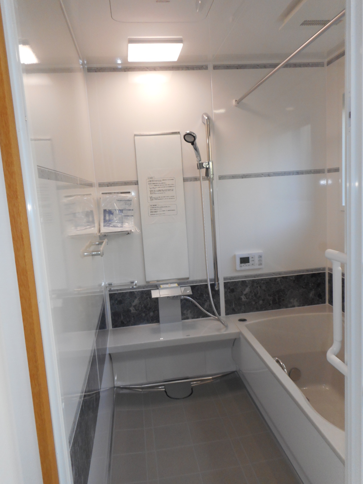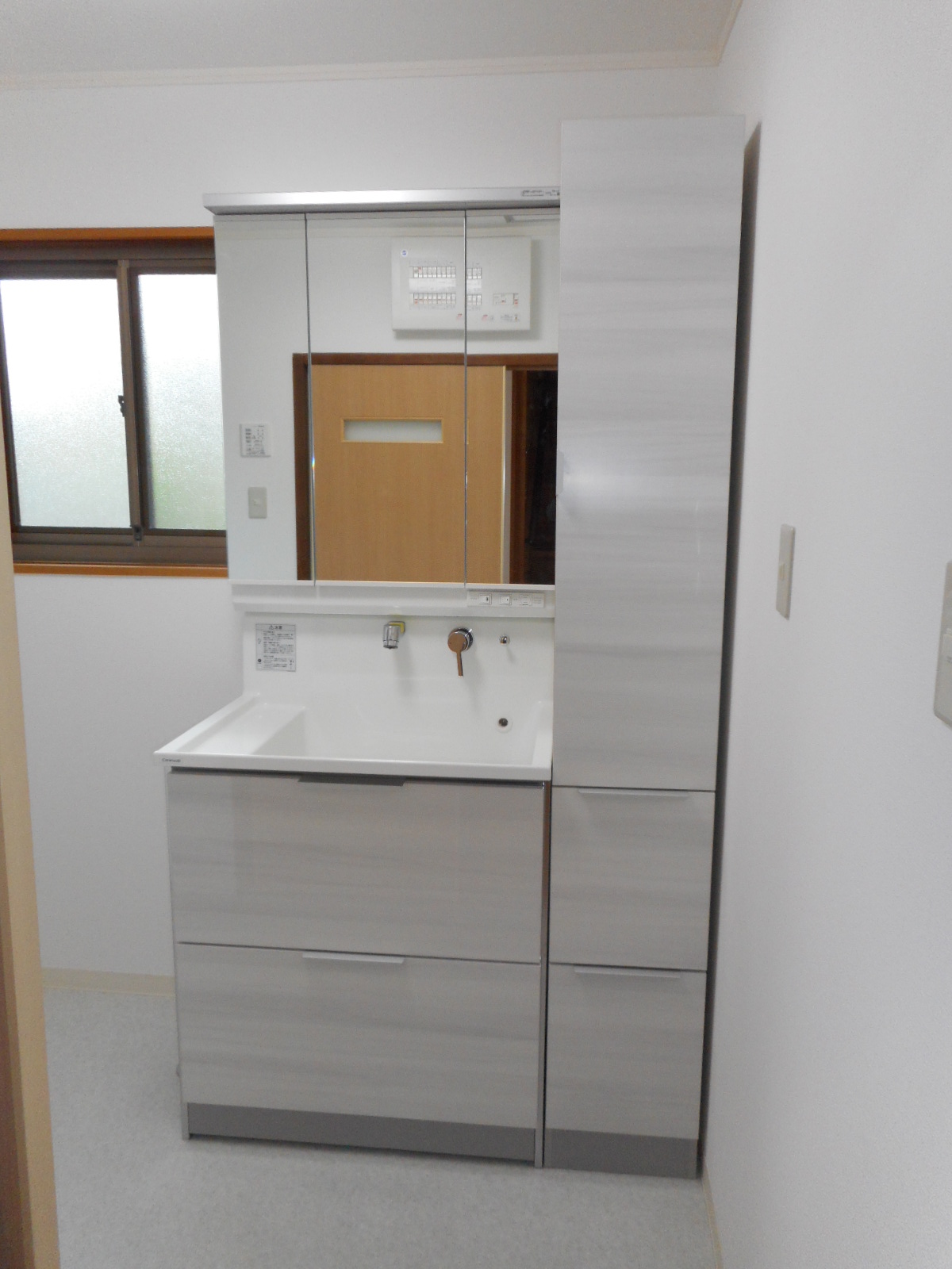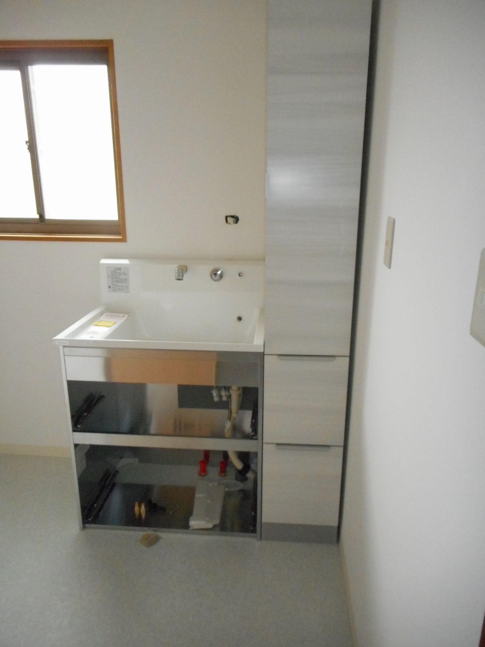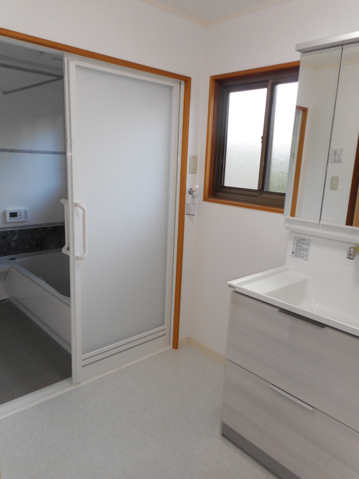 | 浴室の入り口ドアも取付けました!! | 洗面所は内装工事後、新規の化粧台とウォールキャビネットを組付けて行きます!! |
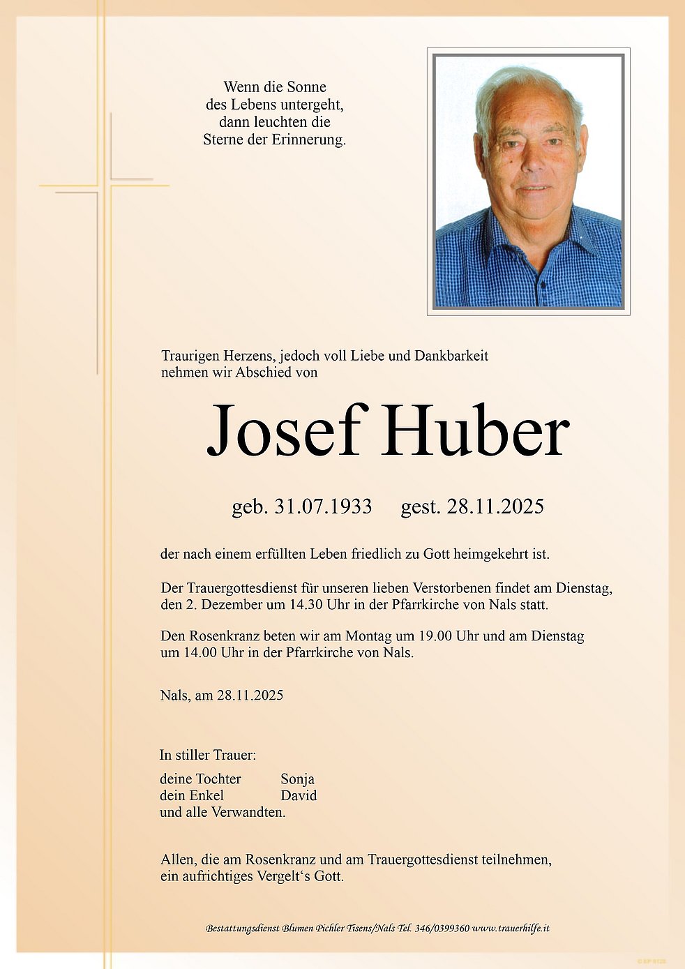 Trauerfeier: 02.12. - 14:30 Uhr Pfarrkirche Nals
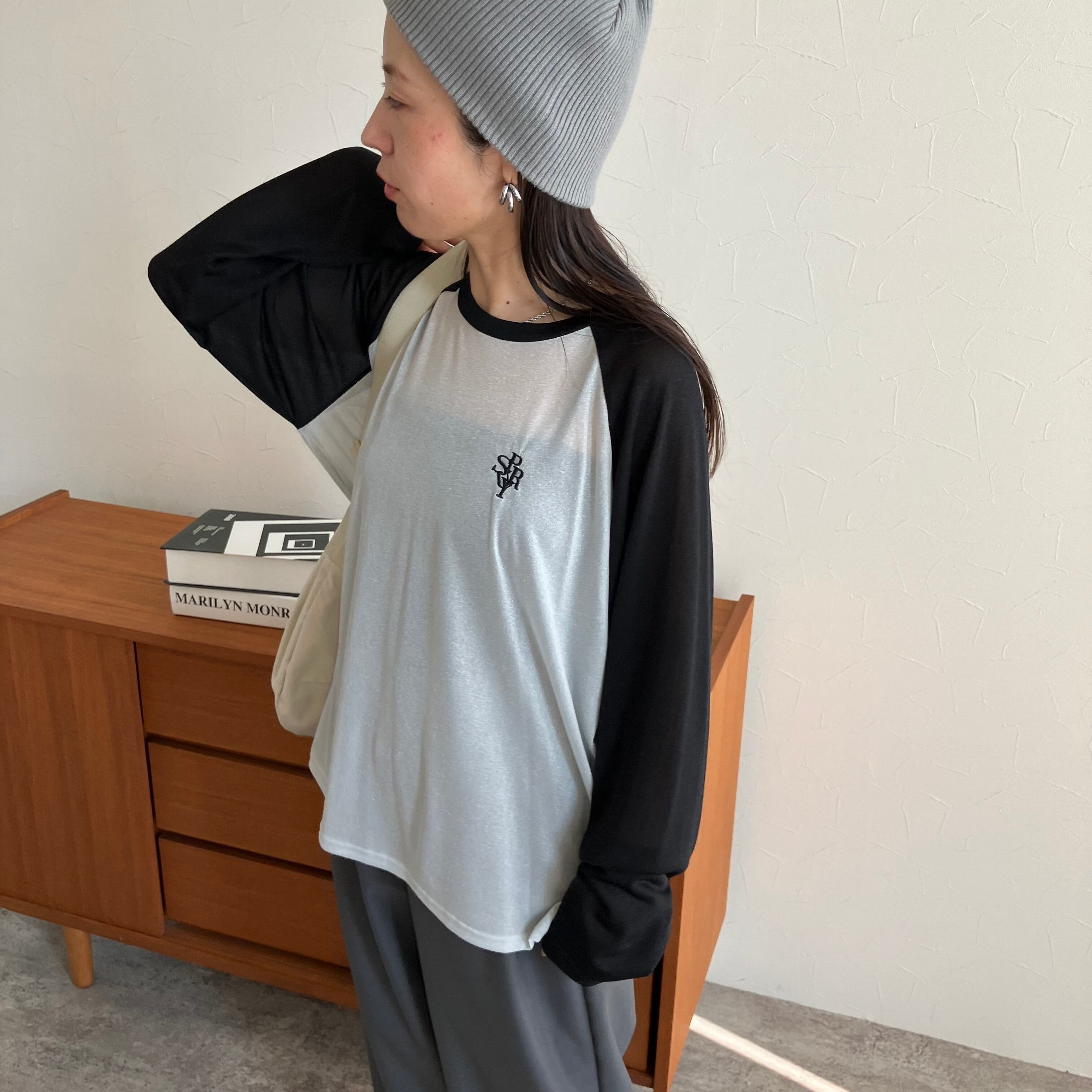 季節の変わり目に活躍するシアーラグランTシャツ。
---
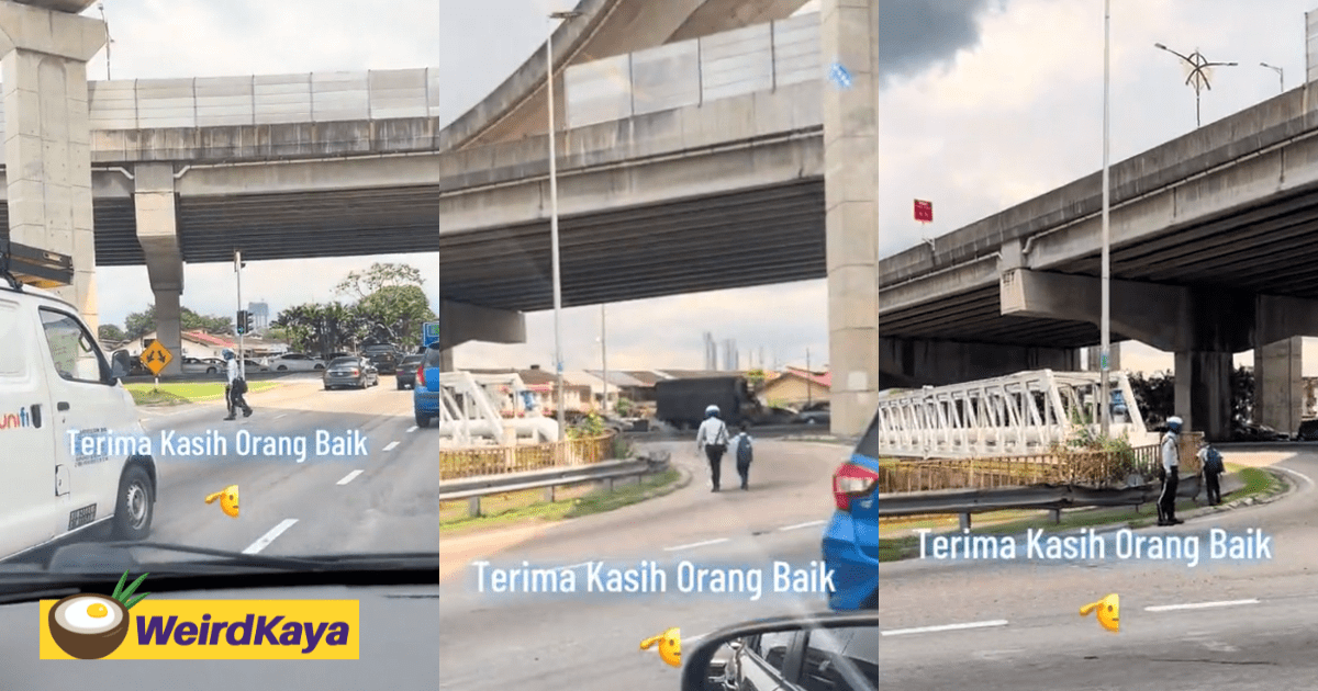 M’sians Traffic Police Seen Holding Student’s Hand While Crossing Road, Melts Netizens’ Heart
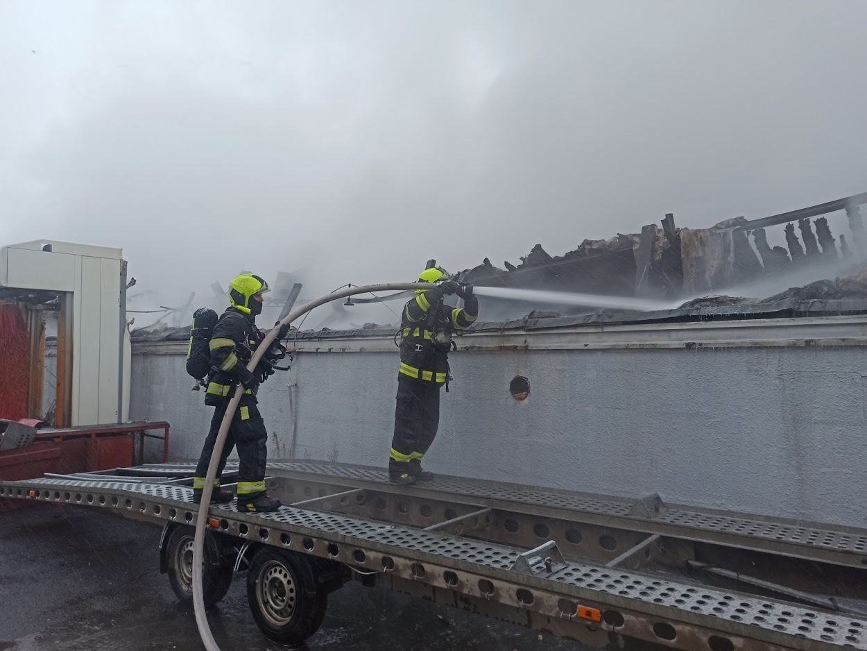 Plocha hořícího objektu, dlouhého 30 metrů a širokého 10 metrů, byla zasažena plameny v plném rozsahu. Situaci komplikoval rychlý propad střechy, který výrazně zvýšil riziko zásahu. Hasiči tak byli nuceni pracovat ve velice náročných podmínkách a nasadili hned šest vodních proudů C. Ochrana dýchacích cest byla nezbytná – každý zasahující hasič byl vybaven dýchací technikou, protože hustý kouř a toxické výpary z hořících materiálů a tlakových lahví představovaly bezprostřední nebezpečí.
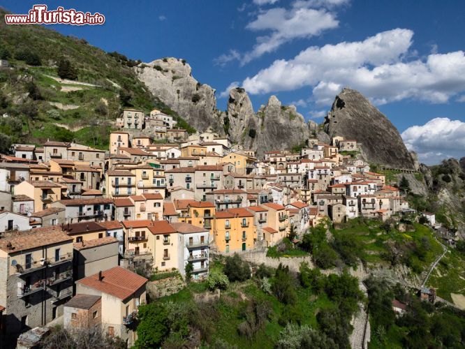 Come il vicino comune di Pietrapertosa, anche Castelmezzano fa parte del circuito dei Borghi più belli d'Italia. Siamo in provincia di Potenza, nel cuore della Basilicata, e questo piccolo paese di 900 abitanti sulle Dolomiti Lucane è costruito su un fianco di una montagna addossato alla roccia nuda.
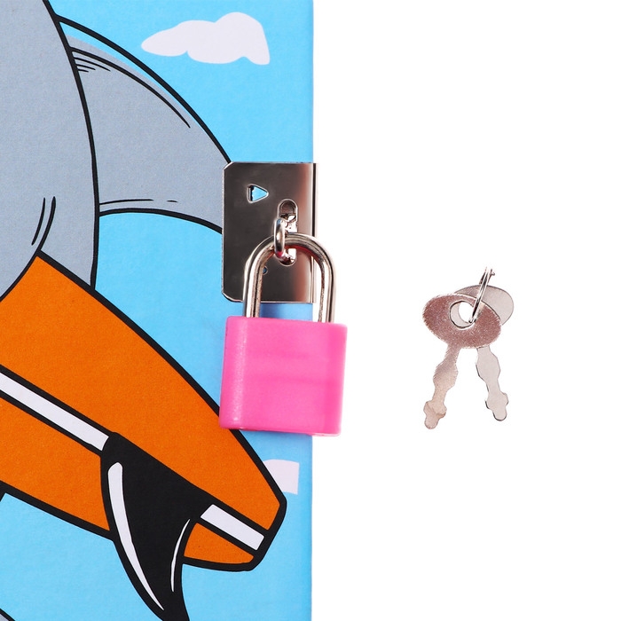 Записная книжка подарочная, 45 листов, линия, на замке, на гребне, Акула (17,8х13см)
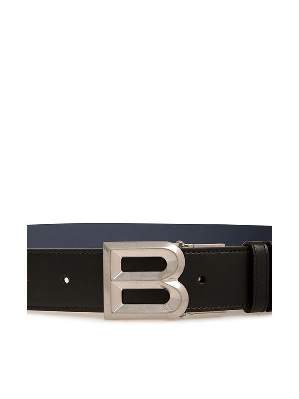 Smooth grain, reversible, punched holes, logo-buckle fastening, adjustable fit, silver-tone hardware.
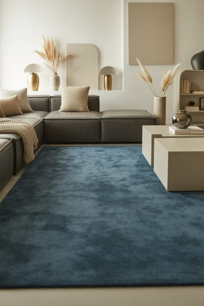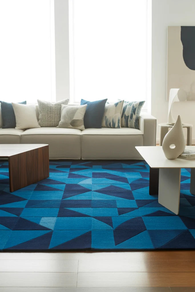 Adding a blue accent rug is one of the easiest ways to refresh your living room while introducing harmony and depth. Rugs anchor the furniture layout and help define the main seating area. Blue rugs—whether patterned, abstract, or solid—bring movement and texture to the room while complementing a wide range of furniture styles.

### [Task to complete]
Exactly the lines starting at the one above with "Come il vicino" and ending at the one with "Adding a blue" should be printed, and nothing else. Omit the pictures.

### [Answer space]
 Come il vicino comune di Pietrapertosa, anche Castelmezzano fa parte del circuito dei Borghi più belli d'Italia. Siamo in provincia di Potenza, nel cuore della Basilicata, e questo piccolo paese di 900 abitanti sulle Dolomiti Lucane è costruito su un fianco di una montagna addossato alla roccia nuda.
 Записная книжка подарочная, 45 листов, линия, на замке, на гребне, Акула (17,8х13см)
 Smooth grain, reversible, punched holes, logo-buckle fastening, adjustable fit, silver-tone hardware.
 Adding a blue accent rug is one of the easiest ways to refresh your living room while introducing harmony and depth. Rugs anchor the furniture layout and help define the main seating area. Blue rugs—whether patterned, abstract, or solid—bring movement and texture to the room while complementing a wide range of furniture styles.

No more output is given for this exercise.